Subarray Sum Equals K - LeetCode 560 Solution in python

Subarray Sum Equals K medium

Problem Statement

Given an array of integers nums and an integer k, return the total number of continuous subarrays whose sum equals to k.

Example 1:

Input: nums = [1,1,1], k = 2 Output: 2

Explanation: The subarrays are [1,1] and [1,1].

Example 2:

Input: nums = [1,2,3], k = 3 Output: 2

Explanation: The subarrays are [3] and [1,2].

Steps and Explanation

This problem can be efficiently solved using a hash map to store the cumulative sum and its frequency. We iterate through the array, calculating the cumulative sum at each point. For each cumulative sum, we check if cumulativeSum - k exists in the hash map. If it does, it means there's a subarray ending at the current index with a sum equal to k. The frequency of cumulativeSum - k represents the number of such subarrays.
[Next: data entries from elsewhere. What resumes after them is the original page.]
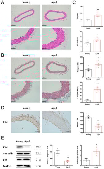 To investigate the relationship between Ctsl and vascular aging, we separated the thoracic aortas of 18-month-old and 8-week-old mice. A significant increase of MT, MT/LD, MA, and collagen/MA was observed in the aortas of aged mice by histological analyses (Figure 1A–C), indicating the presence of vascular remodeling. The expression of Ctsl in young and senescent aortas was analyzed by IHC and WB subsequently. As shown in Figure 1D,E, Ctsl significantly decreased in senescent aortas, with increased expression of p21. Therefore, we may speculate that Ctsl participates in the procedure of the vascular aging.
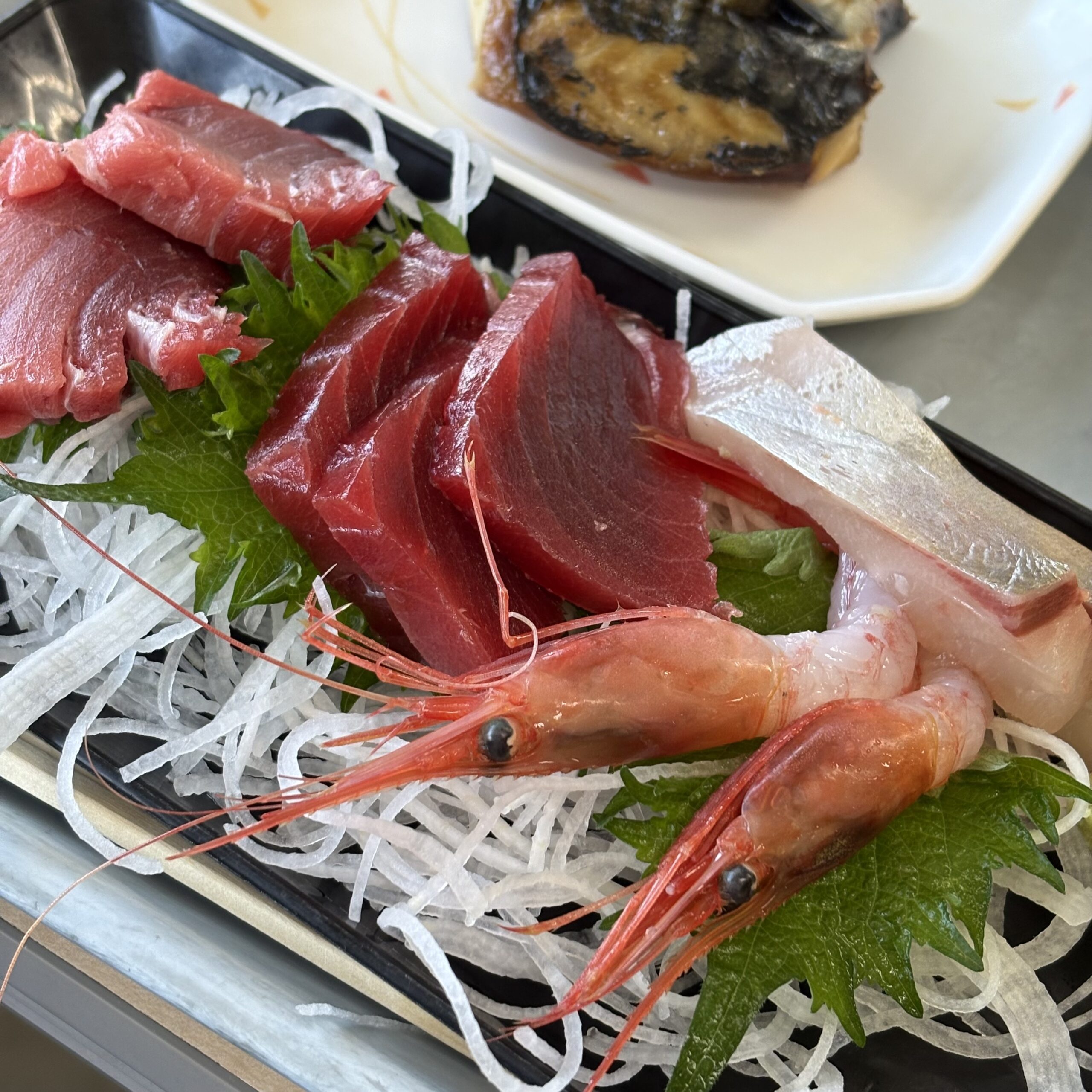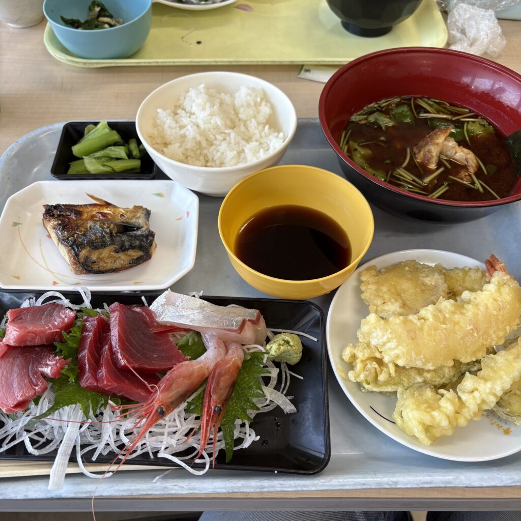 今日は、天然本マグロ刺身に天ぷら、鯖塩焼き、赤だしのついた1,600円定食を注文。
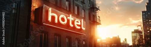 © BG_Illustrations, Obraz premium Modern Hotel Building with Clear Blue Sky
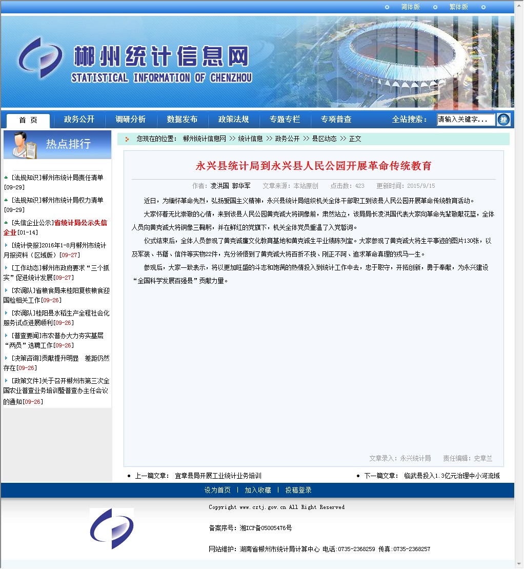 近日,为缅怀革命先烈,弘扬爱国主义精神,永兴县统计局组织机关全体干部职工到该县人民公园开展革命传统教育活动。
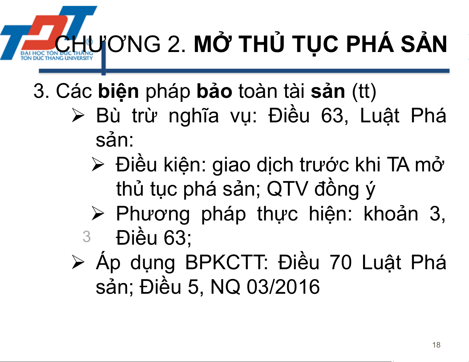 ➢ Áp dụng BPKCTT: Điều 70 Luật Phá sản; Điều 5, NQ 03/2016 18
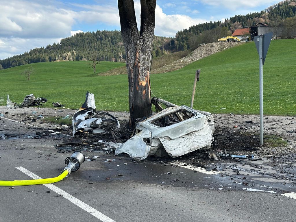 Der 59-jährige deutsche Fahrer eines Pkw geriet aus bislang ungeklärter Ursache alleinbeteiligt nach rechts von der Fahrbahn ab und prallte frontal gegen einen Baum. Beim Aufprall fing das Fahrzeug sofort Feuer. Der Mann erlag noch an der Unfallstelle seinen schweren Verletzungen. Die Staatsanwaltschaft Kempten hat zur genauen Klärung des Unfallhergangs ein unfallanalytisches Gutachten angefordert.
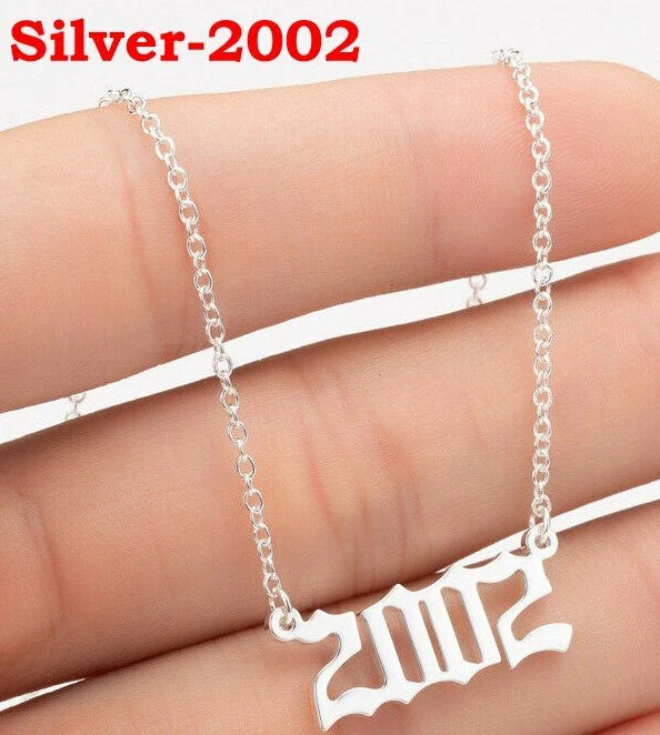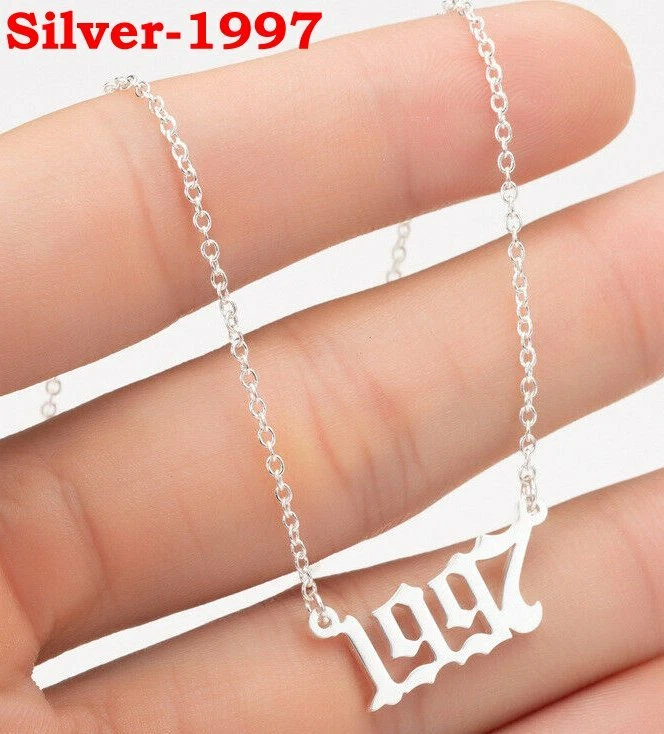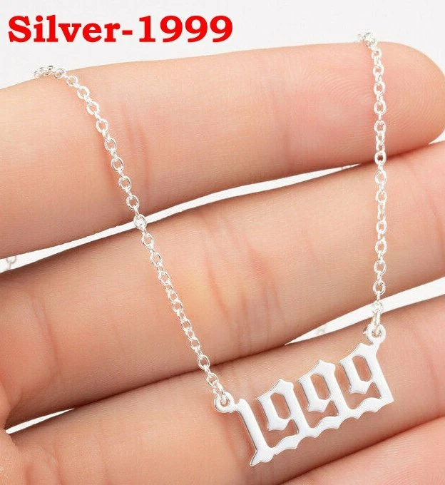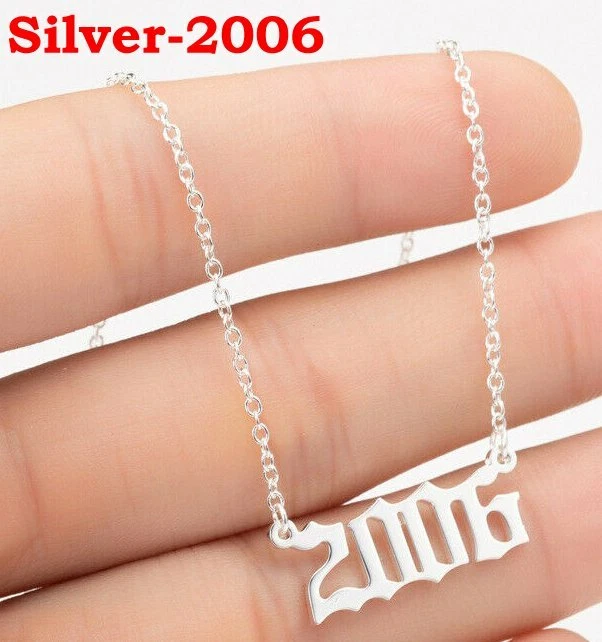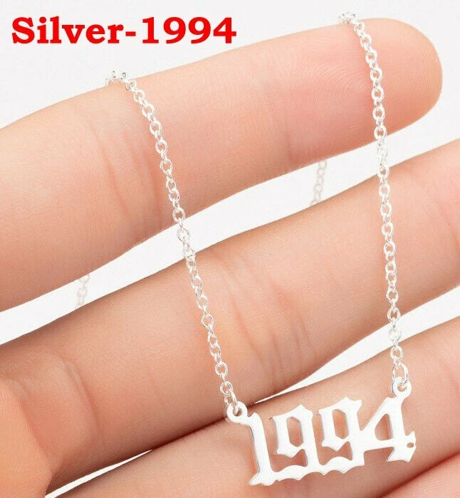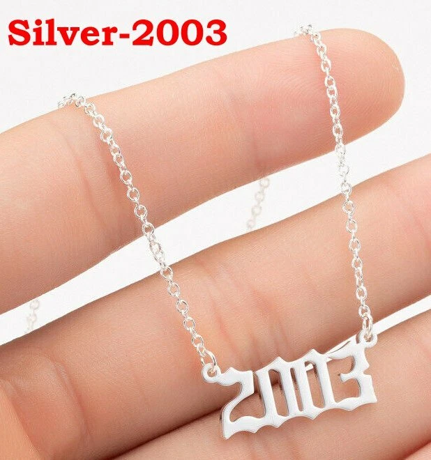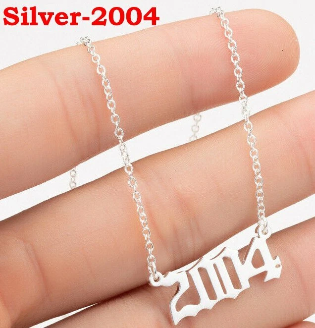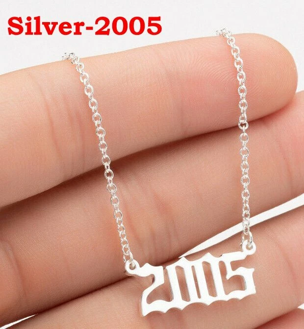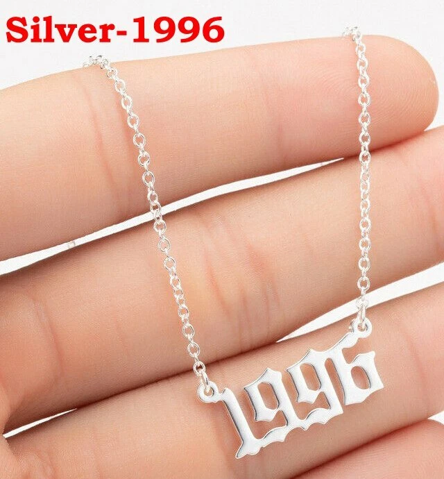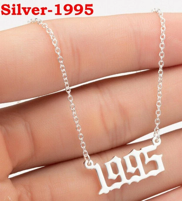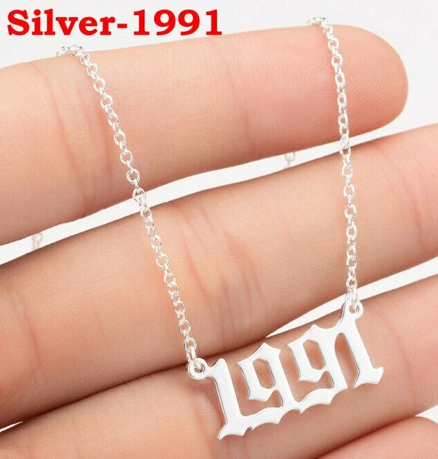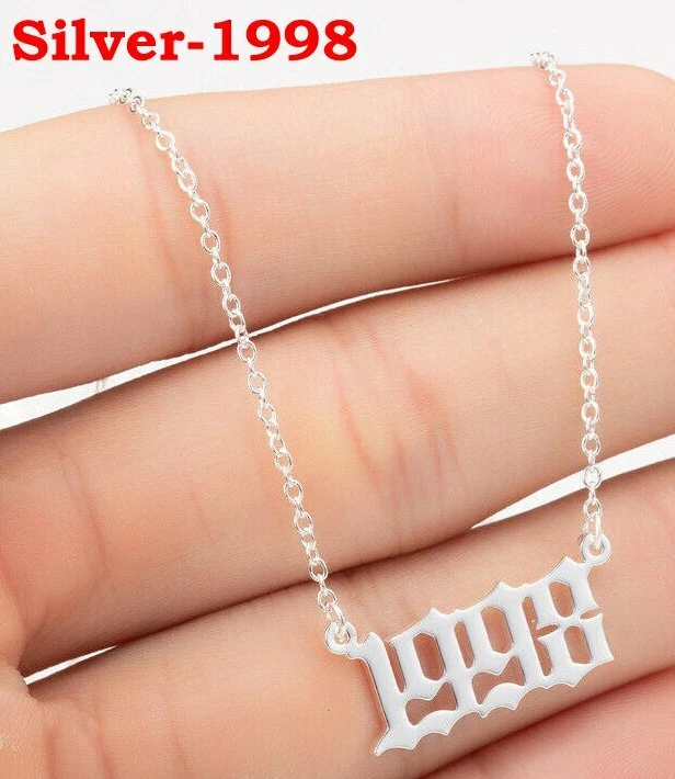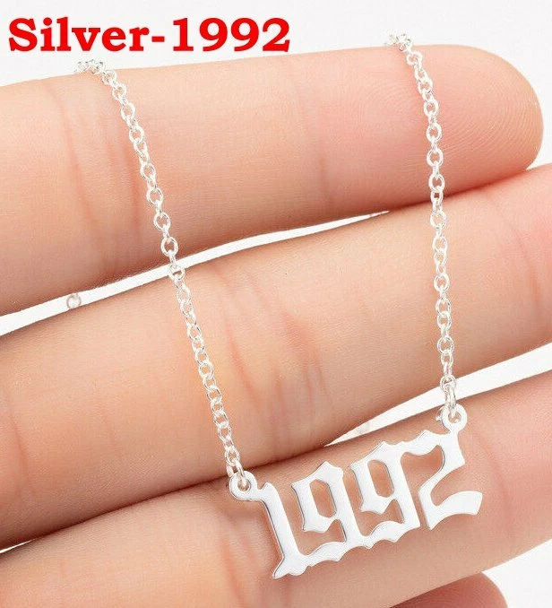 BIRTH YEAR NECKLACE Material: Stainless steel Color: Silver Package includes: 1* necklace Size: The year is roughly 2.4 cm x 1.2 cm. Please see picture #4 & #5 Font: Old English Year: 1990 to 2007 SPECIAL PROMO -- BUY MORE SAVE MORE! Save 40% when Buy 2+ (discount automatically apply during checkout) Ships from USA and free shipping anywhere in the U.S

Initialization: Create a hash map sumMap to store cumulative sums and their frequencies. Initialize count to 0 (to store the total number of subarrays). Initialize cumulativeSum to 0.
Iteration: Iterate through the nums array.
Cumulative Sum Update: For each element num, update cumulativeSum by adding num to it.
Check for Subarray:
- If cumulativeSum == k, it means a subarray from the beginning to the current index has a sum of k. Increment count.
- Check if cumulativeSum - k is present in sumMap. If it is, it means there's a subarray ending at the current index with a sum of k. Add the frequency of cumulativeSum - k to count.
Update HashMap: Add cumulativeSum to sumMap. If cumulativeSum already exists, increment its frequency. We initialize the frequency of 0 to 1, because a subarray starting from index 0 always exists.
Return Count: After iterating through the entire array, return count.

Code (Java)

import java.util.HashMap;
import java.util.Map;

class Solution {
    public int subarraySum(int[] nums, int k) {
        Map<Integer, Integer> sumMap = new HashMap<>();
        sumMap.put(0, 1); //Important: Handle subarrays starting from index 0
        int cumulativeSum = 0;
        int count = 0;

        for (int num : nums) {
            cumulativeSum += num;
            if (sumMap.containsKey(cumulativeSum - k)) {
                count += sumMap.get(cumulativeSum - k);
            }
            sumMap.put(cumulativeSum, sumMap.getOrDefault(cumulativeSum, 0) + 1);
        }

        return count;
    }
}

Complexity

Time Complexity: O(n), where n is the length of the input array. We iterate through the array once. HashMap operations (get and put) take O(1) on average.
Space Complexity: O(n) in the worst case, as the hash map could store up to n distinct cumulative sums. In the best case, it could be O(1).